Il cous cous sinora considerato il cibo etnico per
eccellenza nonostante sia stato introdotto in Italia a partire
dal VI secolo – ora, finalmente, entra a pieno titolo nella
tradizione italiana su cui Barilla fonda la propria
strategia.
Obama è diventato l’icona globale del meticciato cool&soft
in grado di promuovere il cambiamento ma anche di
rassicurare. Il sogno di tutti i professionisti della
comunicazione e del marketing!
La vittoria di Obama, meticcio e figlio di immigrati,
offrirà agli oltre 800 mila giovani migranti italiani (la
cross generation) motivazioni, entusiasmi, spazi e occasioni
per mettere alla prova il proprio talento.
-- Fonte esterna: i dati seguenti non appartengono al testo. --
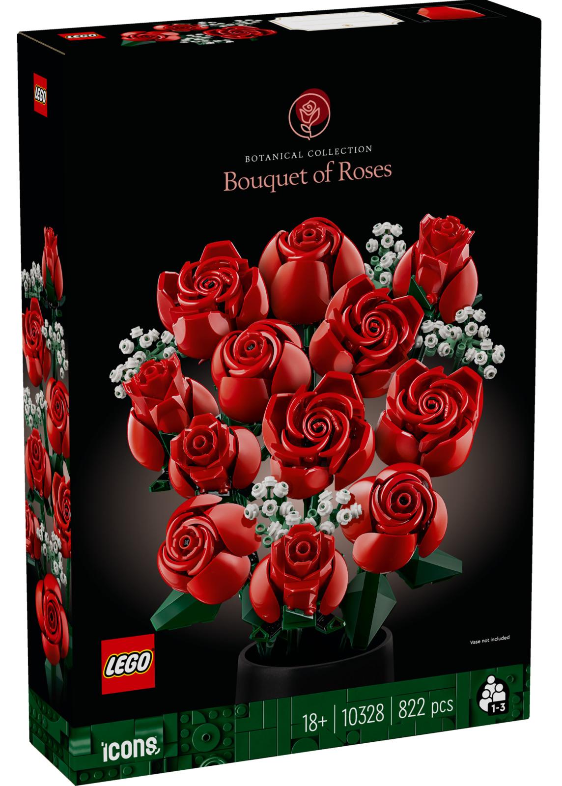*Let creativity bloom with the LEGO Botanicals Bouquet of Roses building set for adults – a timeless gift of 12 roses from the LEGO Botanical Collection.*Take time out with the LEGO Botanicals Bouquet of Roses (10328) home decor building set for adults. Indulge in a mindful building project or treat a loved one to this timeless buildable bouquet – a perfect gift idea for Valentine’s Day or any other special occasion. A joy to build, this LEGO bouquet depicts a dozen red roses, including 4 in full bloom, 4 blooming and 4 in bud, with long green stems for vase display, plus 4 sprigs of baby’s breath with small white flowers. Easy to assemble, the bouquet makes an elegant display for any space and is combinable with other sets from the LEGO Botanical Collection.This set comes with 6 brick bags and separate instructions for the 3 flowering stages, making it perfect for solo or group construction. A digital version of the building instructions is available in the LEGO Builder app. Discover a space for relaxation with the inspiring range of LEGO creative building projects designed specifically for adults.*Features:** Indulge yourself in a mindful project with the LEGO Botanicals Bouquet of Roses* Includes everything you need to craft a dozen red roses with long green stems* Plus 4 sprigs of baby’s breath with small white flowers* The kit depicts roses captured at various stages of flowering* Including 4 roses in full bloom, with 4 blossoming and 4 in bud* Add a splash of colour with this zero-maintenance bouquet of roses* Valentine’s Day gift idea – Designed for adult fans of LEGO® building sets* The tallest rose in this 822-piece building set measures over 31 cm long*Specifics:**Item:* 10328*Pieces:* 822*Ages:* 18+
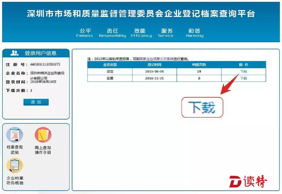 驗證成功后,電腦顯示進(jìn)入查詢頁面,顯示與登錄人有關(guān)的企業(yè)名稱。點擊要查詢檔案的企業(yè)名稱,顯示列出“企業(yè)登記檔案”。
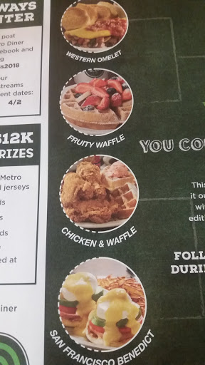 I would give Metro Diner 3.5 stars if that was an option. We had the crab cake eggs benedict, the veggie omelette, and the basic breakfast combo. The crab cake eggs benedict was the best of the three by far. The veggie omelette was boring. Ours had very little cheese and the seasoning on the veggies was hard to detect. The breakfast platter was average, the hashbrowns were the tastiest bit on that plate other than the bacon. The eggs, toast, and pancakes were well cooked, but not very flavorful. Someone else at the table ordered the huevos rancheros, and at least visually it looked the best of the entrees on the table. Prices were about $2 higher than other diners Ive eaten at, but portions were increased along with it, which feels fair. Service was good overall. A few moments we sat with empty glasses, but not long considering the busyness. The biggest negative criticism is the noise. Theres no sound barrier between the dishes and plating in the back and the seating. Further theres just very little to block the sound in the seating area. We were all yelling to hear one another. All the seats were taken, so maybe at a slow moment, if there is one, it would be okay. If I went back, I would likely focus on their bolder flavor dishes and order take out.
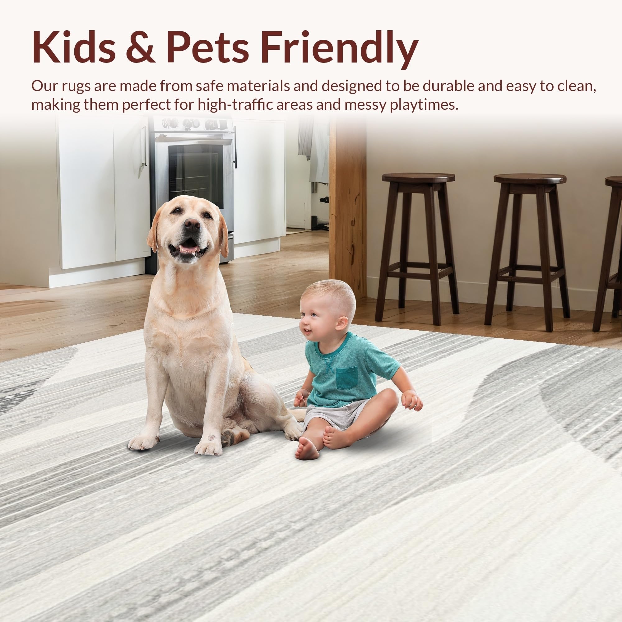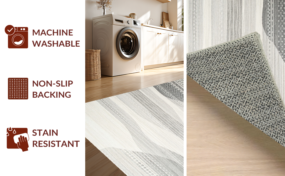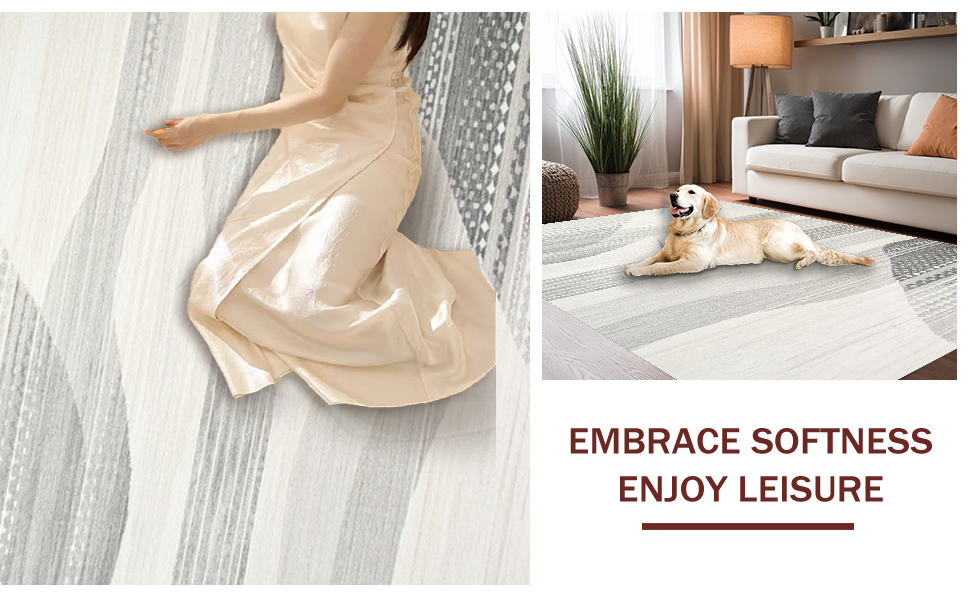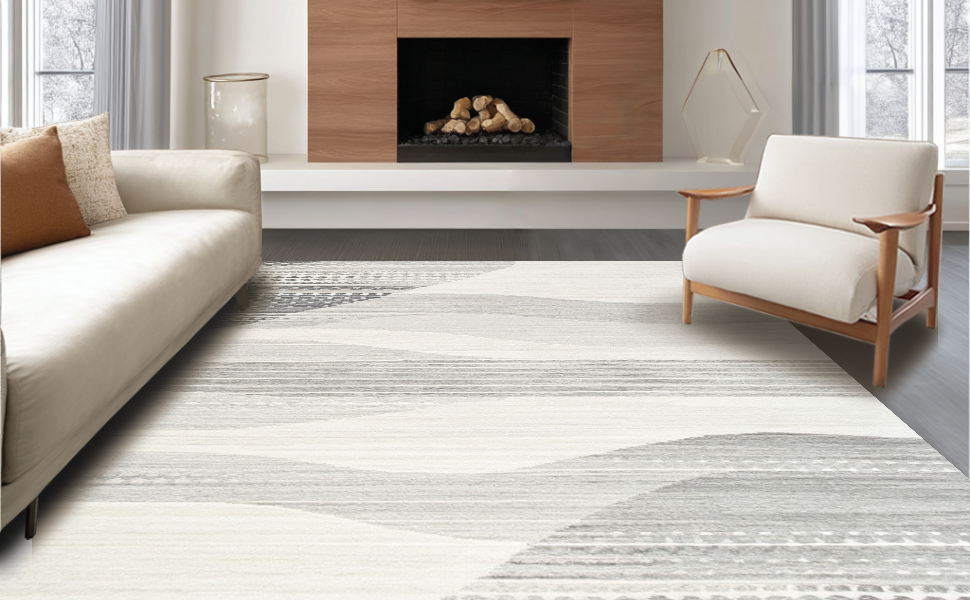Ultra Soft Area Rug, Non Slip, Stain Resistant, Washable Area Rugs for Living Room, Bedroom, Sophisticated Neutral Wave Aesthetic(Gray) Overview:

Come accaduto a
Malika Ayane, nata 24 anni fa a Milano da padre
marocchino e madre italiana, che ha appena pubblicato il
suo primo cd con la Sugar.
Probabilmente il marketing del futuro risulterà sempre
meno mono e inizierà a (multi) colorarsi progressivamente.
Un marketing gioiosamente meticcio e in continua
evoluzione. Che ci auguriamo risulti in grado di
coinvolgere e valorizzare anche la cross generation.